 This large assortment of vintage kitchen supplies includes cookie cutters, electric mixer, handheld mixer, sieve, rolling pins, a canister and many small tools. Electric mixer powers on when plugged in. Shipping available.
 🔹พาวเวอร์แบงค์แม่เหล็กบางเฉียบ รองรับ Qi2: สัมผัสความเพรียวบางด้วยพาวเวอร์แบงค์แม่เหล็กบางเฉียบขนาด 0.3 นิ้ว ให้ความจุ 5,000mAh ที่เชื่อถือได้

...

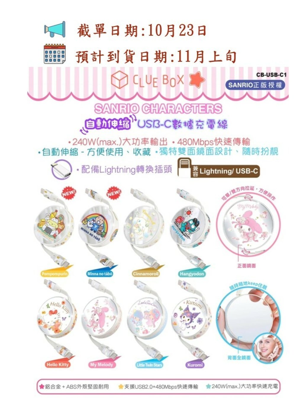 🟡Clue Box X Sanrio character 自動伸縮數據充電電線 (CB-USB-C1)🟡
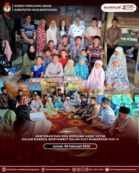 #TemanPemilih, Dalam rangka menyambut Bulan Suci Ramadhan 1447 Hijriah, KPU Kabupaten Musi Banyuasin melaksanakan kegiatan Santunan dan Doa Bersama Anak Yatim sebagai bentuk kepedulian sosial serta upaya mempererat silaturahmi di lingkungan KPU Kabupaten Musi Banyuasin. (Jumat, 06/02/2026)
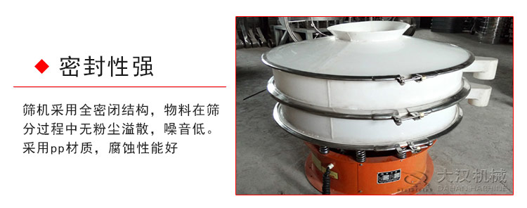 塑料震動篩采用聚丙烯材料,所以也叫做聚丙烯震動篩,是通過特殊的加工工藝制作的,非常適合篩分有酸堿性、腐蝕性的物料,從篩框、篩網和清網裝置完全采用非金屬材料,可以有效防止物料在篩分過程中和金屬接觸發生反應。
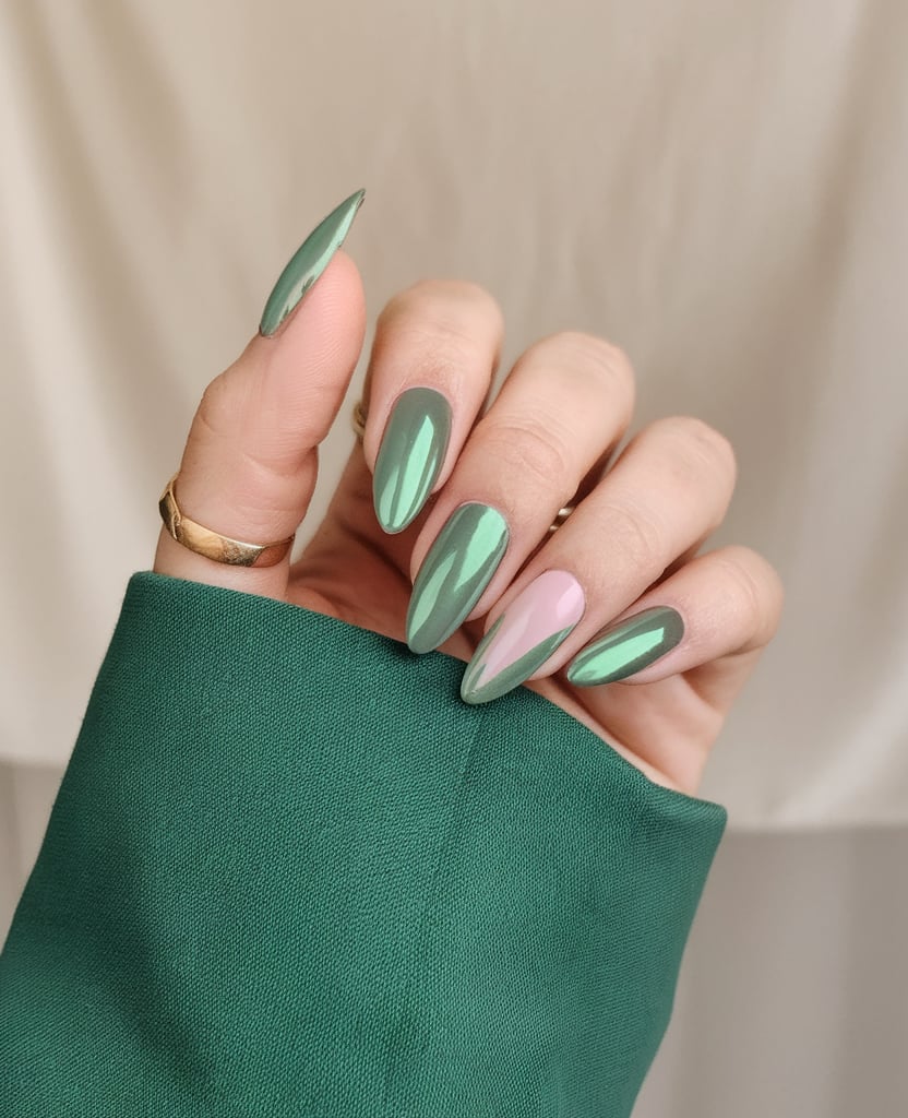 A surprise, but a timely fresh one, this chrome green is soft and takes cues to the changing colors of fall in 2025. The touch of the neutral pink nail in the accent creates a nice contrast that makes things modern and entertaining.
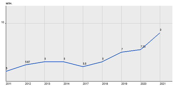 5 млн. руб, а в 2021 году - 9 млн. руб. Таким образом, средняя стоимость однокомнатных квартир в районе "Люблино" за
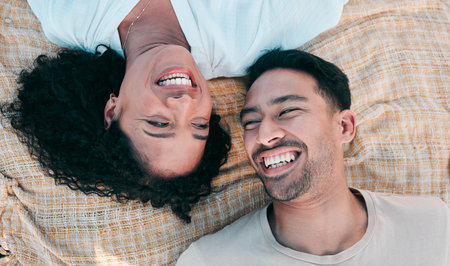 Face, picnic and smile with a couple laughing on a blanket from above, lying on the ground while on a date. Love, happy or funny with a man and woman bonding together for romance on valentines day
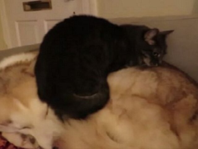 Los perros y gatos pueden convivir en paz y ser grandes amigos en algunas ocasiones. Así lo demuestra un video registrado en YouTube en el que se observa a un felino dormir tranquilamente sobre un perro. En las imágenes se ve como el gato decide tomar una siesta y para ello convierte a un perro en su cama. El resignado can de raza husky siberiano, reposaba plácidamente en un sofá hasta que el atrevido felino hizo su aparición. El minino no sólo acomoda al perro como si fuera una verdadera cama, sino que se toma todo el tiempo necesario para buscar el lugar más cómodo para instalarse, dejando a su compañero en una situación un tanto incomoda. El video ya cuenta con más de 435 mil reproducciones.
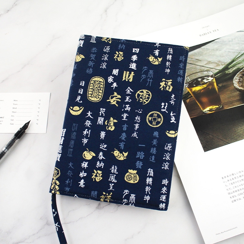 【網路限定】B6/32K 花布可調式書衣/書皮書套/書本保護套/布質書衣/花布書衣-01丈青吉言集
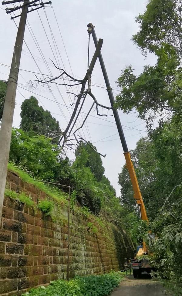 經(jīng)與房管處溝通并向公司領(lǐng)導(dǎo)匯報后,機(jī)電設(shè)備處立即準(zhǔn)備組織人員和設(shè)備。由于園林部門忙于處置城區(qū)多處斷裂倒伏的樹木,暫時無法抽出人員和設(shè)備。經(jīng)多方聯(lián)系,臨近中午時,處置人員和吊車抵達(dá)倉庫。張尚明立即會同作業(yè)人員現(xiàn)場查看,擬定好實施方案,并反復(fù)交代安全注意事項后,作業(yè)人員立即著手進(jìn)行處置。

→ TASK ITEM:
Taking the entries above, write out exactly each line from the one holding "This large assortment" to the one holding "ให้ความจุ 5,000mAh ที่เชื่อถือได้", both included, and stop there.

→ TASK RESPONSE:
 This large assortment of vintage kitchen supplies includes cookie cutters, electric mixer, handheld mixer, sieve, rolling pins, a canister and many small tools. Electric mixer powers on when plugged in. Shipping available.
 🔹พาวเวอร์แบงค์แม่เหล็กบางเฉียบ รองรับ Qi2: สัมผัสความเพรียวบางด้วยพาวเวอร์แบงค์แม่เหล็กบางเฉียบขนาด 0.3 นิ้ว ให้ความจุ 5,000mAh ที่เชื่อถือได้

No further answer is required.